■ Task instructions ■
Going from the line that contains "- 각 위치에서 256디멘젼의" through the last line of the records, set down each line again exactly, both included, with pictures left out.

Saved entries
————————

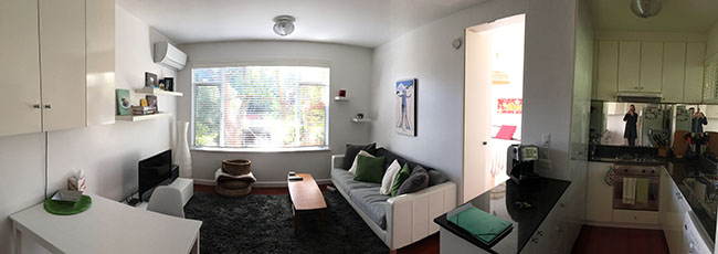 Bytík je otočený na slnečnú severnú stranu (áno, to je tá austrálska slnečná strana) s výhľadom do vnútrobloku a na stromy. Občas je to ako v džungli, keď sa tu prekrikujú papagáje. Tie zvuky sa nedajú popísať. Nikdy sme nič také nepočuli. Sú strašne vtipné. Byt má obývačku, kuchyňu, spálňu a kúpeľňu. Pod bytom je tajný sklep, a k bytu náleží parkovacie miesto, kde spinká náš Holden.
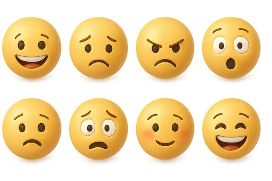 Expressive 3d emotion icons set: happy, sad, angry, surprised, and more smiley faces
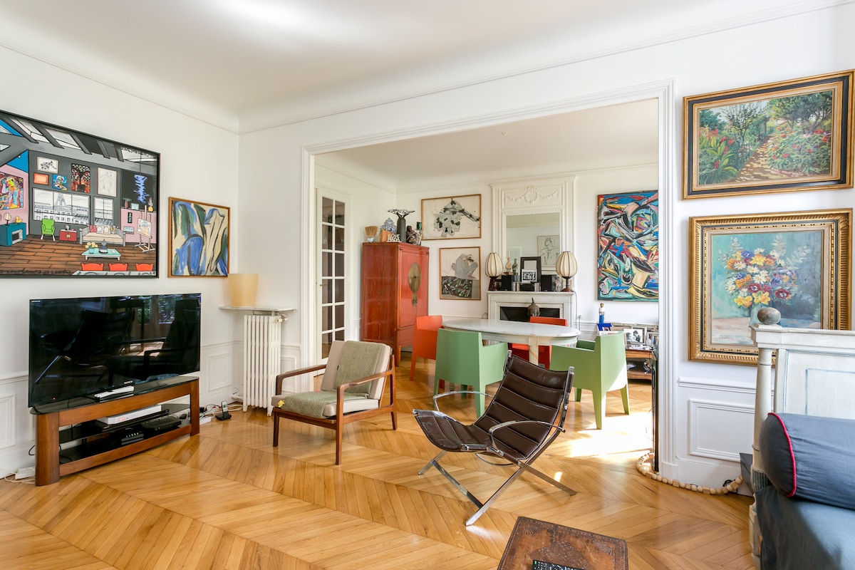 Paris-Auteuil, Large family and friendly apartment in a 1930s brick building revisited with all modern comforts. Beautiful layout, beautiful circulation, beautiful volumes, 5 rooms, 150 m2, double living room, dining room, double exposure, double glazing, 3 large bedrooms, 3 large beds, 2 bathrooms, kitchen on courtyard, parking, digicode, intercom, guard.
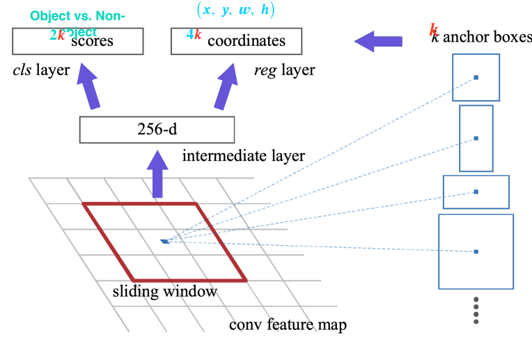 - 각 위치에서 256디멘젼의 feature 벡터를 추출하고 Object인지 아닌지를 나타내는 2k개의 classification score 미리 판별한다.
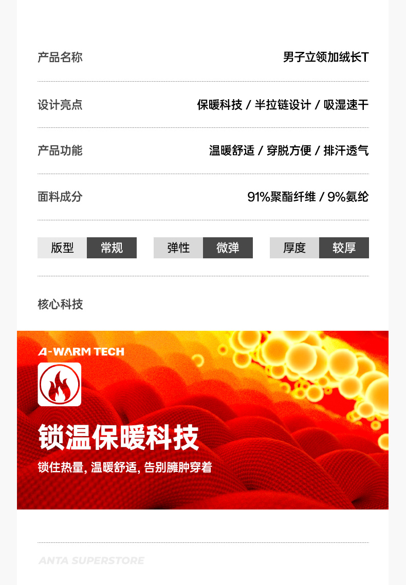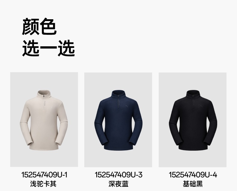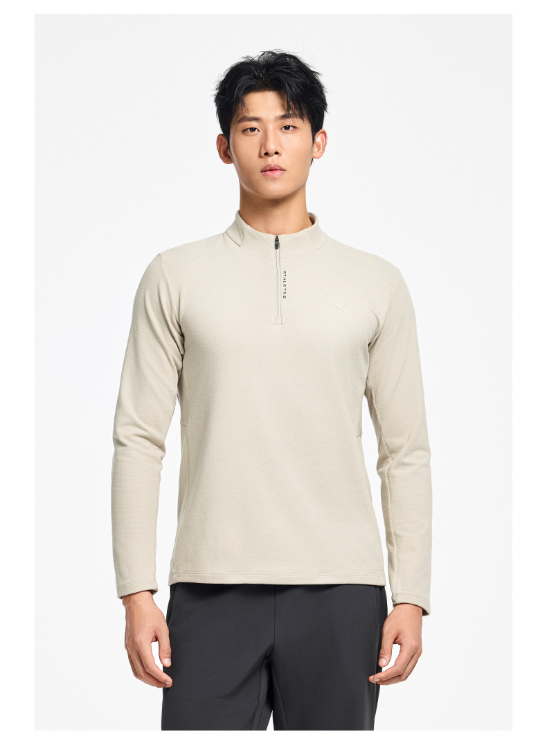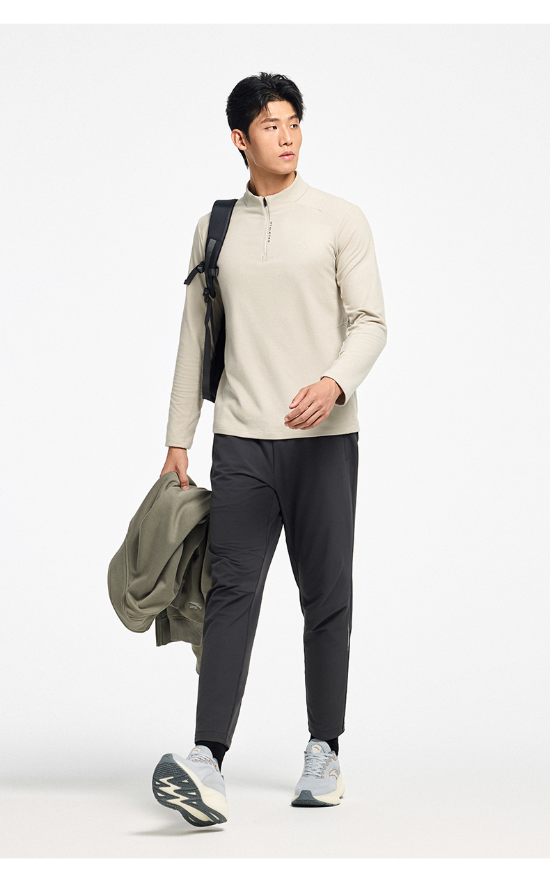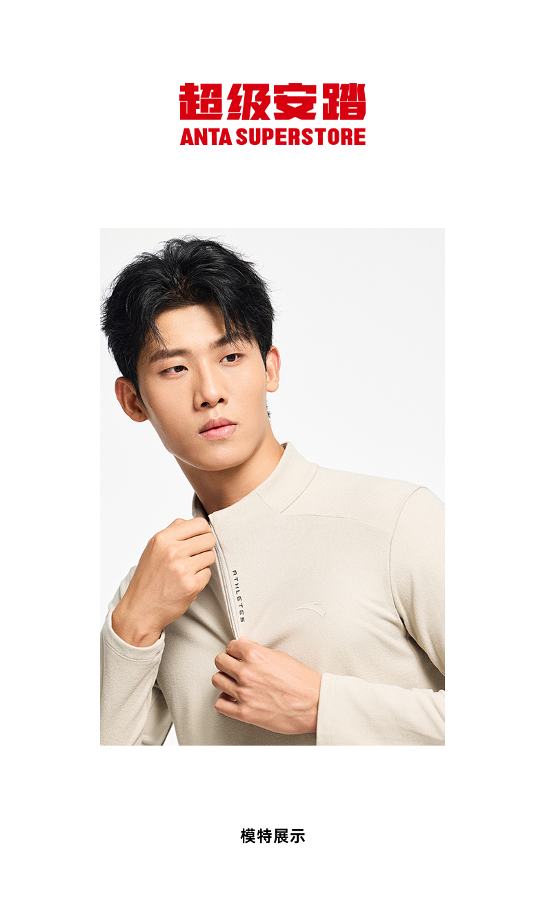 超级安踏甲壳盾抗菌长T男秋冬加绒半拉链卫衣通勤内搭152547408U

————————

■ Answer for this exercise ■
 - 각 위치에서 256디멘젼의 feature 벡터를 추출하고 Object인지 아닌지를 나타내는 2k개의 classification score 미리 판별한다.
 超级安踏甲壳盾抗菌长T男秋冬加绒半拉链卫衣通勤内搭152547408U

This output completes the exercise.